[Numpy-discussion] Looking for people interested in helping with Python compiler to LLVM

Travis Oliphant travis@continuum...
Tue Mar 13 12:18:19 CDT 2012

>> (Mark F., how does the above match how you feel about this?)
> I would like collaboration, but from a technical perspective I think
> this would be much more involved than just dumping the AST to an IR
> and generating some code from there. For vector expressions I think
> sharing code would be more feasible than arbitrary (parallel) loops,
> etc. Cython as a compiler can make many decisions that a Python
> (bytecode) compiler can't make (at least without annotations and a
> well-defined subset of the language (not so much the syntax as the
> semantics)). I think in numba, if parallelism is to be supported, you
> will want a prange-like construct, as proving independence between
> iterations can be very hard to near impossible for a compiler.

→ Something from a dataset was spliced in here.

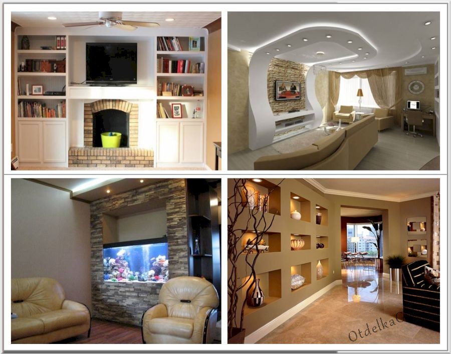 Вариантов оформления ниш очень много. Ознакомиться с различными примерами можно по фото ниш в гостиной. На основе примеров можно разработать собственную концепцию обустройства и декорирования ниш, которые будут выступать и декоративными, и функциональными элементами.

I completely agree that you have to define some kind of syntax to get parallelism.  But, a prange construct would not be out of the question, of course.  

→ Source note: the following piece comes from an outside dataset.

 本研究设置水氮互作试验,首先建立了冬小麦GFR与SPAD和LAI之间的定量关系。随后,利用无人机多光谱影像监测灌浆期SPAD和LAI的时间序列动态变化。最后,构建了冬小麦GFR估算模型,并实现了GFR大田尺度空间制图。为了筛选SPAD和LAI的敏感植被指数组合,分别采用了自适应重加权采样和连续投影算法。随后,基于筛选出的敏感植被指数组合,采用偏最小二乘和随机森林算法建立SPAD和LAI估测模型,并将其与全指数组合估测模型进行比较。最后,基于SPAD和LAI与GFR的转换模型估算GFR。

> As for code generation, I'm not sure how llvm would do things like
> slicing arrays, reshaping, resizing etc (for vector expressions you
> can first evaluate all slicing and indexing operations and then
> compile the remaining vector expression), but for loops and array
> reassignment within loops this would have to invoke the actual slicing
> code from the llvm code (I presume).

There could be some analysis on the byte-code, prior to emitting the llvm code in order to handle lots of things.   Basically, you have to "play" the byte-code on a simple machine anyway in order to emit the correct code.   The big thing about Cython is you have to typedef too many things that are really quite knowable from the code.   If Cython could improve it's type inference, then it would be a more suitable target. 

> There are many other things, like
> bounds checking, wraparound, etc, that are all supported in both numpy
> and Cython, but going through an llvm layer would as far as I can see,
> require re-implementing those, at least if you want top-notch
> performance. Personally, I think for non-trivial performance-critical
> code (for loops with indexing, slicing, function calls, etc) Cython is
> a better target.

With libclang it is really quite possible to imagine a cython -> C target that itself compiles to llvm so that you can do everything at that intermediate layer.   However,  LLVM is a much better layer for optimization than C now that there are a lot of people collaborating on that layer.   I think it would be great if Cython targeted LLVM actually instead of C.  

> Finally, as for non-vector-expression code, I really believe Cython is
> a better target. cython.inline can have high overhead (at least the
> first time it has to compile), but with better (numpy-aware) type
> inference or profile guided optimizations (see recent threads on the
> cython-dev mailing list), in addition to things like prange, I
> personally believe Cython targets most of the use cases where numba
> would be able to generate performing code.

Cython and Numba certainly overlap.  However, Cython requires:

	1) learning another language
	2) creating an extension module --- loading bit-code files and dynamically executing (even on a different machine from the one that initially created them) can be a powerful alternative for run-time compilation and distribution of code. 

These aren't show-stoppers obviously.   But, I think some users would prefer an even simpler approach to getting fast-code than Cython (which currently doesn't do enought type-inference and requires building a dlopen extension module).